The results were incredibly positive. “The training was clearly much better than the other setups — between 20 and 25% better than the random scenario, which in turn was better than no training,” says Varakantham, whose team is currently in the midst of publishing their work.
The findings, he says, were a “pleasant surprise.”
“We thought that when we do experiments with humans, it would be messy or that things would overlap and so on,” he explains. “But here, we see that it was pretty clear in terms of the improvement that we got — the results are actually statistically significant. We’re very happy with that.”
Training ambulance crew
Varakantham and his team are now working on a game to help train people aboard ambulances, which he hopes the Singapore Civil Defence Force (SCDF) will use in the near future. “These are people who have some amount of medical knowledge but not necessarily in an ambulance or emergency response context, so you have to cross-train them to assist the paramedics,” explains Varakantham, who has worked closely with the SCDF for many years.
He describes his new game as akin to training pilots using a flight simulator. Trainees are first given reading materials to learn the theoretical side of things, before being asked to play the game, which is set in the back of an ambulance.
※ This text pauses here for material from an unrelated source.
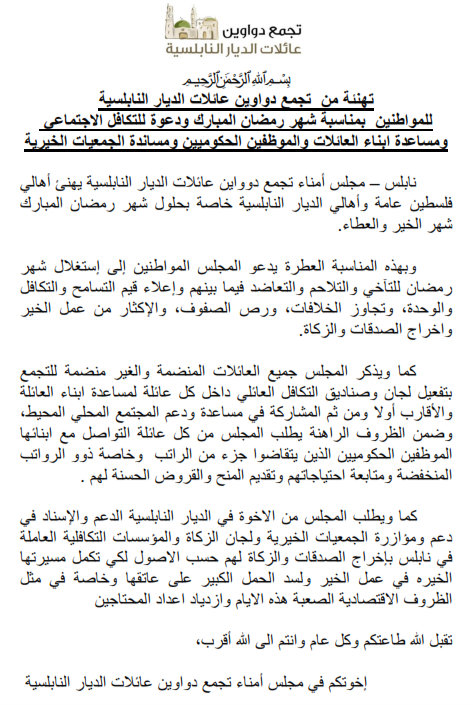 تجمع دواوين عائلات الديار النابلسية يصدر بيانا يناشد فيه تعزيز التكافل الاجتماعي ودعم الموظفين الحكوميين خلال شهر رمضان، خاصة وأنهم لا يتقاضون رواتبهم كاملة للشهر الثالث على التوالي.

The goal is to stablise the patient before the ambulance arrives at the hospital and the trainee has to figure out the best path of action given the symptoms the patient presents — severe burns, bleeding, cardiac arrest, and so on.
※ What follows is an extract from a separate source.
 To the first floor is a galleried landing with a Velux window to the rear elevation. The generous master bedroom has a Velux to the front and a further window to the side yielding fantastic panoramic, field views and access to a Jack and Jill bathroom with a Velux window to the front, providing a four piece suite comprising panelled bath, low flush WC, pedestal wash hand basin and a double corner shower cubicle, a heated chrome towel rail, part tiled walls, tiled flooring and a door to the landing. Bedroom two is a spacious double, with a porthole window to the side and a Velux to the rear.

“What medical equipment should they use? Where can they find that in the ambulance? When is the right time to use it?” are some factors trainees have to consider during the game, says Varakantham.
The AI-based training system offers many benefits. For one, it “reminds people of all the things they have to read and remember in a more accessible and fun manner,” he says. “The system can assess where the knowledge gaps are and generate scenarios to remind trainees what needs to be done in certain instances. So it’s like a trigger.”
For another, the AI trainer can simulate a host of scenarios — more than training with a physical manikin ever could. “Those are all fixed and maybe you have 10 scenarios you can play with,” says Varakantham. Instead, his game employs data taken from up to 90 emergency scenarios found on the internet, making for a varied gameplay.
“This also ensures a trainee has seen all kinds of challenging situations at least once and you’re not generating the same type of situation many times,” he adds. This aspect is crucial as it helps avoid unwanted side effects to the training, for example, “creating a bias so the person always thinks only certain kinds of scenarios occur.”
“If you get 25 sunburn cases and only one cardiac arrest, it’s probably not good as your trainee paramedic might forget how to deal with scenarios they’ve only seen once,” says Varakantham. “So you have to be mindful that there is no lopsided training happening.” To ensure the AI trainer doesn’t generate a particular scenario too often, his team use a method called constrained reinforcement learning.
In the future, Varakantham wants to improve his AI trainer further to accommodate multiple trainings whereby a team of people work together fulfilling different roles — for instance, a paramedic and an assistant working alongside each other in an ambulance. He also plans to incorporate more complex training set-ups into his models, where “the situations are longer and there are a lot more complexities assessing what the person knows.”
Reflecting on his work, Varakantham sees AI-based trainers as having broad applications in the future. “You can use it in many different set-ups, for instance training nurses on the safety of patients or construction workers on how to deal with different scenarios in a safe manner,” he says. “The game itself is a symbolism for many training tasks.”